As long as there is life, then there will be death. The duality of life is always present within the system of life. The universe shows signs of life – the movement and alignment of the stars and planets are signs of life. Are signs of life evidence enough to assert, on the basis of their existence, that life will continue to exist beyond us? Are my philosophical beyond-feminist questions giving you a headache yet? They are starting to give me one, and I feel myself coming to the place where the questions end themselves. I’ve hit the wall of questioning, in which no answers and no questions exist – in which patriarchies are non-existent and the feminisms that arise to dismantle and transform them are non-existent.

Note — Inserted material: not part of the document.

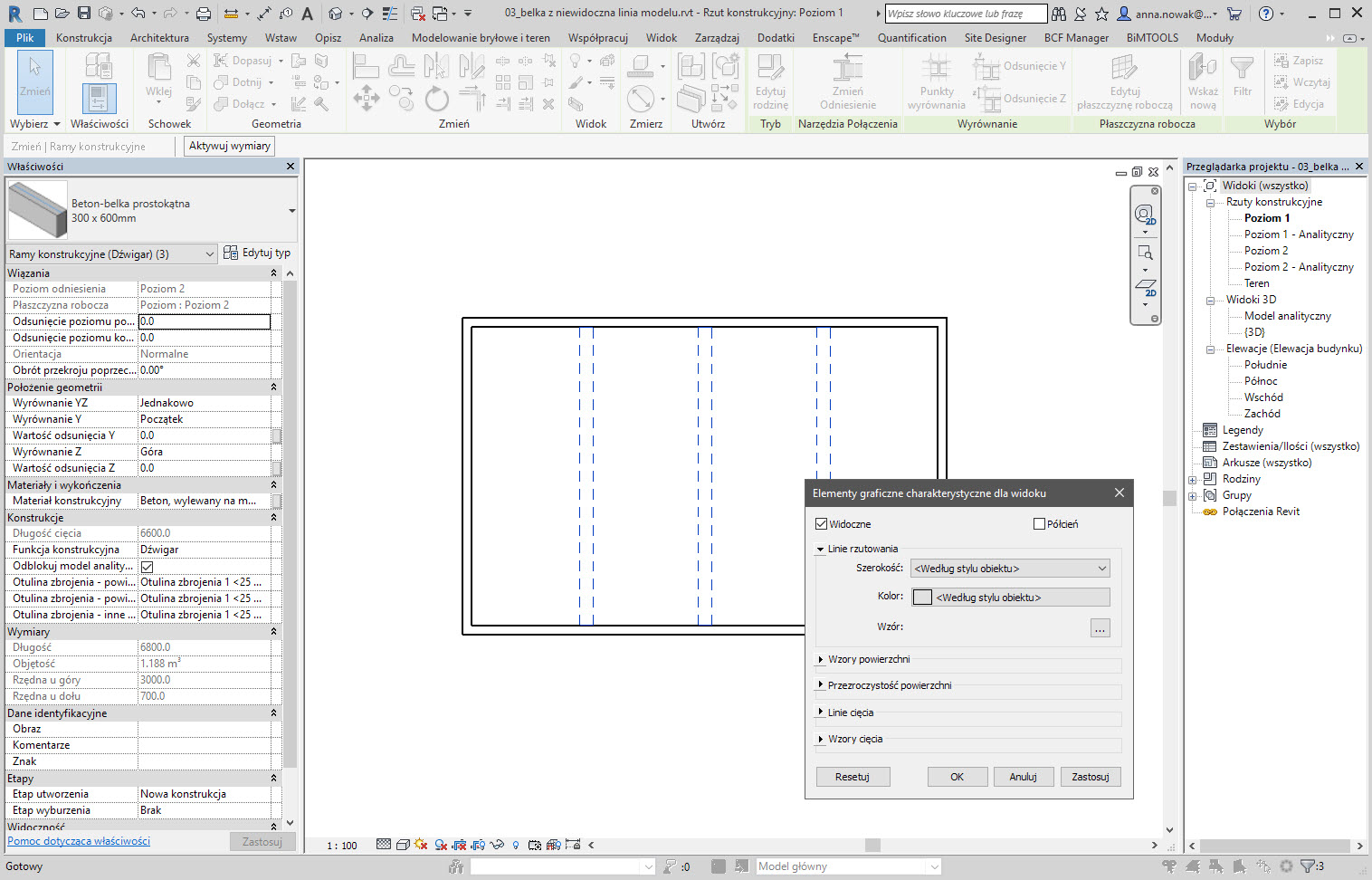 Można teraz nadpisać dla belek ich prezentację za pomocą polecenia Nadpisz elementy graficzne w widoku>Według elementu i sprawić, aby były przedstawione przerywaną linią bez szrafu materiału.

I don’t believe I have seen any evidence of patriarchy in the universe beyond the earth. Not that I know anything about the universe beyond the earth. Perhaps a physicist can join in this feminist dialogue that has much less to do with puffy cheeks than it does with the stars (the ones in the atmosphere, not the ones that Ashley Judd waves hello to on her way to work). Feminist physicists, who will likely never read this, wherever you are, can you respond to the questions I raise about the presence or absence of patriarchal forms in space? Are there patriarchal planets and feminist planets? Are there planets dominating other planets?

Earth may be the only one we know of, but Earth hasn’t yet conquered or fulfilled its aspirations to colonize other planets. May the forces that be change the Mindset of Earth so that it only aims to learn about the rest of the universe in the name of coexistence and not in the name of conquering-ownership. And may I go through the rest of my day not only intellectualizing in the name of feminism but also acting in the way of feminism so that I may be not only a feminist thinker and a feminist activist but a feminist: an everyday, do whatever I am doing in a peaceful-coexisting way, feminist. That’s not a start and that’s not a finish – that’s a step outside of the path of patriarchy.